Two weeks later, he was arrested in the St. Louis area for DWI. Witt claimed he had been threatened earlier that day, and impaired by anti-anxiety pills.

That night, his mother went to police about the fraudulent loan.

A week after that, a St. Louis County judge entered a nearly $1 million malpractice judgment against Witt and his office.

By Oct. 24, clients found his office in disarray, and called police. Investigators located him the next day at home near Creve Coeur.

But within five more days, he was gone.

His law license was suspended Dec. 2. Authorities noted that he had 58 open cases in Missouri courts and four in federal courts. Clients had been cast adrift.

In interviews, Witt said his motive to flee was simple: 2 1/2 years of threats and beatings by a man who felt Witt had wronged his mother, a client.

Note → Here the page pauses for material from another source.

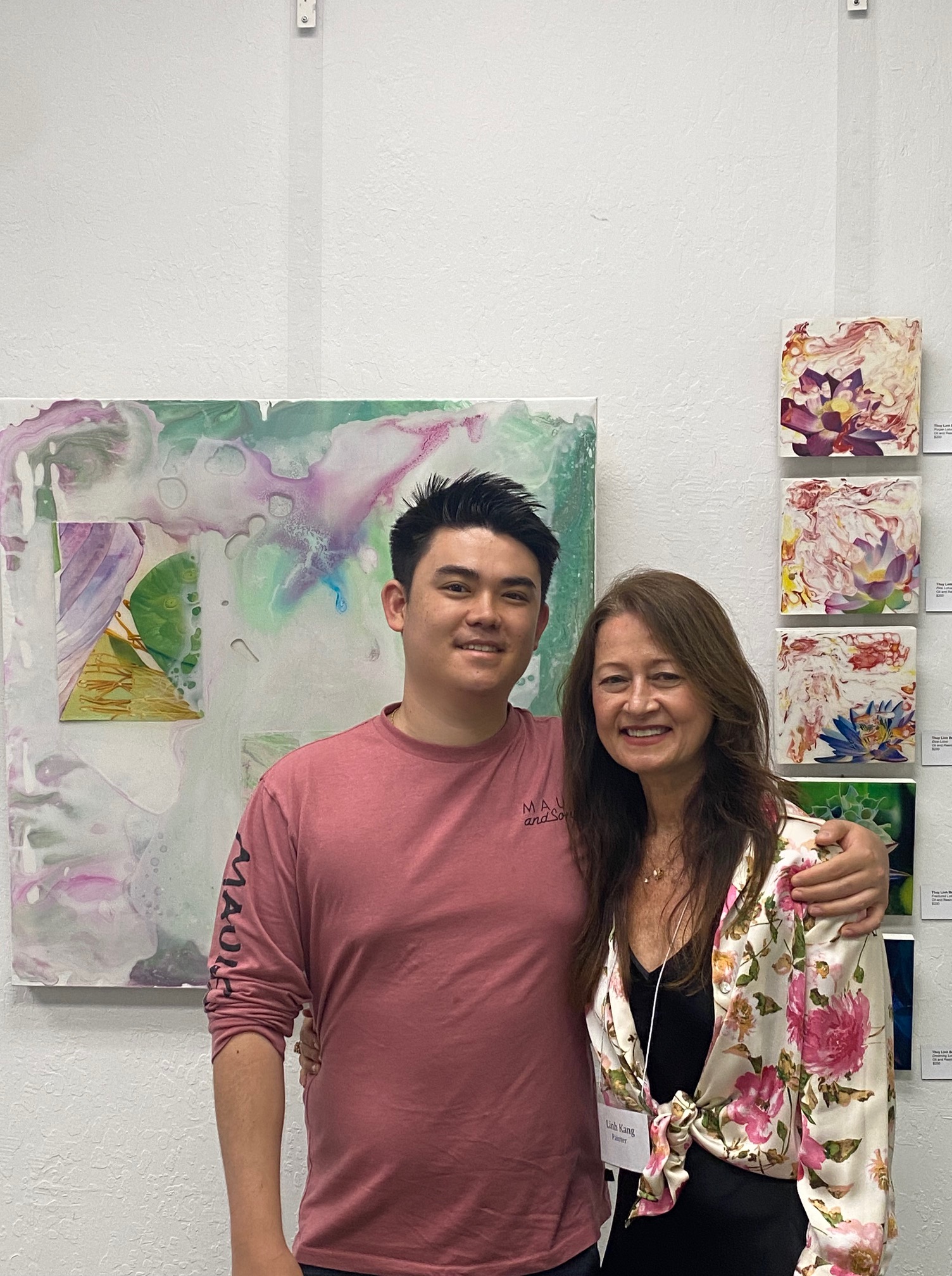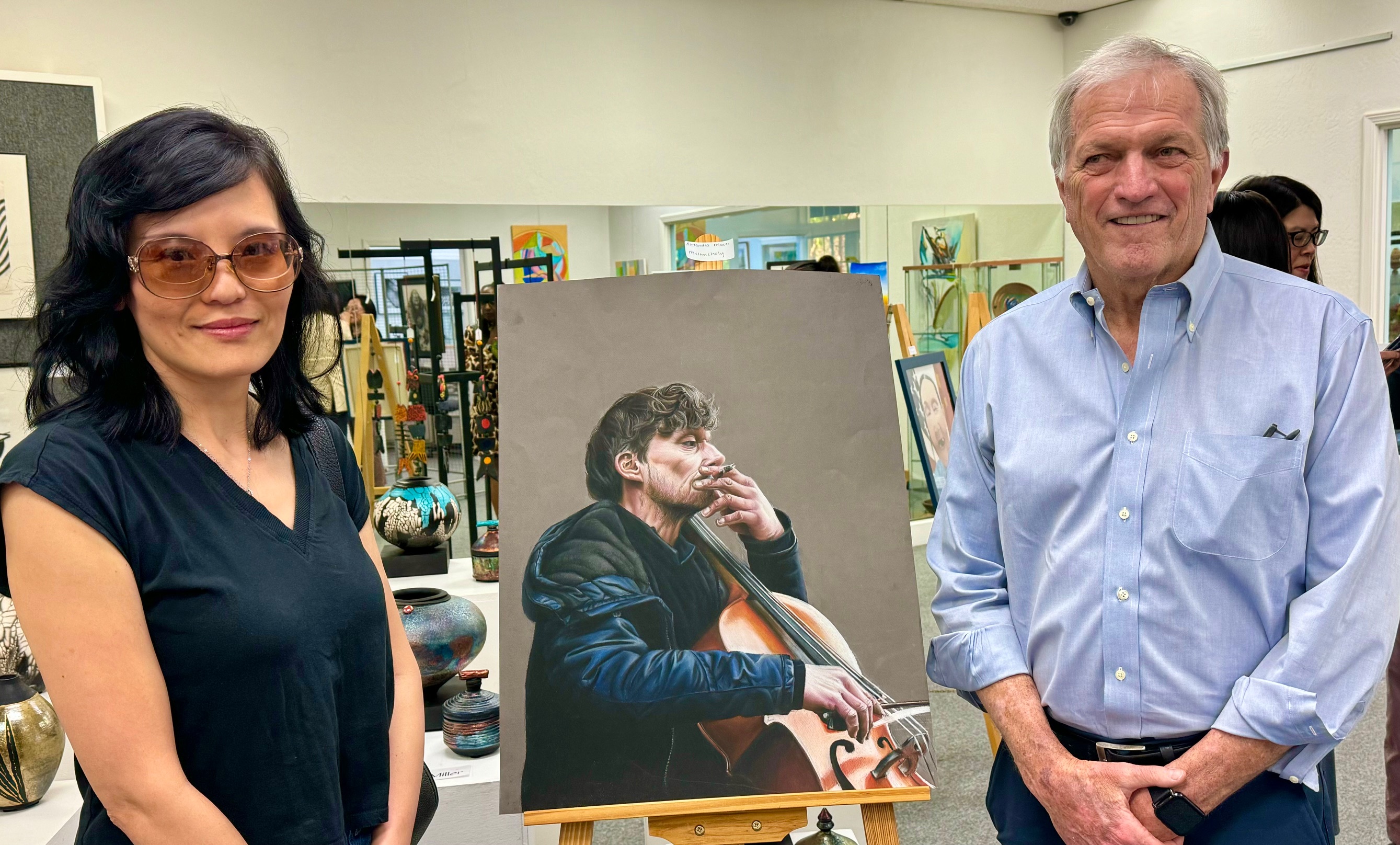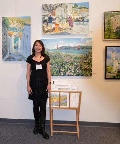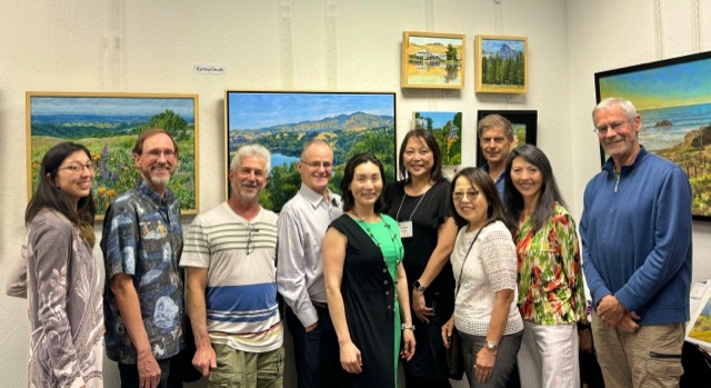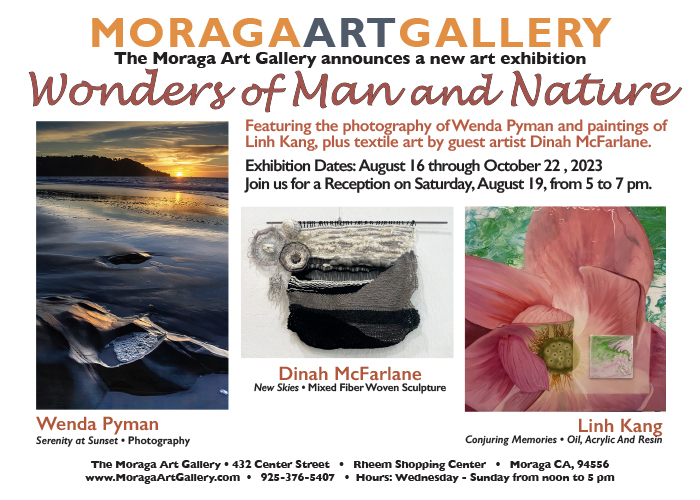 Moraga Art Gallery celebrated the opening of the exhibit, “Wonders of Man and Nature”, featuring the work of Linh Kang, painter and Wenda Pyman, photographer on August 19, 2023.
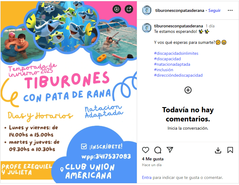 "Tiburones con patas de rana", se trata de un proyecto rosarino en el que dos profesores de educación física se lanzaron a tener un "espacio propio, donde el límite no exista". Julieta y Ezequiel son los encargados de llevar a cabo las clases de natación para personas con discapacidad.

The lawyer said he was threatened again on Oct. 28.

“Monday I had a gun to my head,” he explained. “Tuesday, I was out of there.”

The Post-Dispatch could not reach the man Witt named.

Whatever the reason, Witt said he flew to Chicago and then the Philippines, with little more than a pair of shorts, a pair of shoes, a notebook computer, a pen, and less than $4,000.

Unhappy there, Witt soon headed for Australia. He said he obtained credit cards and has no intent to pay the roughly $20,000 he put on them.

Witt said Smith-Miller, his one-time fiancee, was the only person who knew his whereabouts until he asked a lawyer to tell a federal prosecutor he was alive. Witt then told his ex-wife, and the high school friend.

He said he flew to the United Arab Emirates for the prospect of a job but became so worried about how an American ex-Marine would be received that he never left the airport. Then came several weeks in Jordan, followed by a move to Istanbul, via Lebanon, and more job searching. Discouraged, he flew to London, with just $40 left.

In England, Witt said, he lived on proceeds from sale of his laptop computer. His high school friend sent money for several nights at a hostel after Witt said he had spent one night under a highway bridge.

After three or four weeks, he was back in Istanbul about a possible job. People in a mosque took him in; the old friend paid for a hotel.

Witt asked Smith-Miller for money to flee Turkey, which led to a plan to meet in New York for the weekend. Witt said he was unaware he had been indicted. When he arrived March 7, FBI agents were waiting.

Witt was disbarred in June. He pleaded guilty of the federal charges July 25 and faces probably four or five years in prison when he is sentenced Oct. 16.

He insisted in a jailhouse interview days before his plea that he took no clients’ money for himself: it all went to his tormentor until he finally fled.

Witt told Smith-Miller that the loss of professional stature was the primary reason he left, although he also mentioned threats.

Carp said it made no sense for Witt to stick around so long if he and his children really were threatened. “Because if you’re in that much fear, you run,” he said, adding that if the kids are in jeopardy, “take them with you.”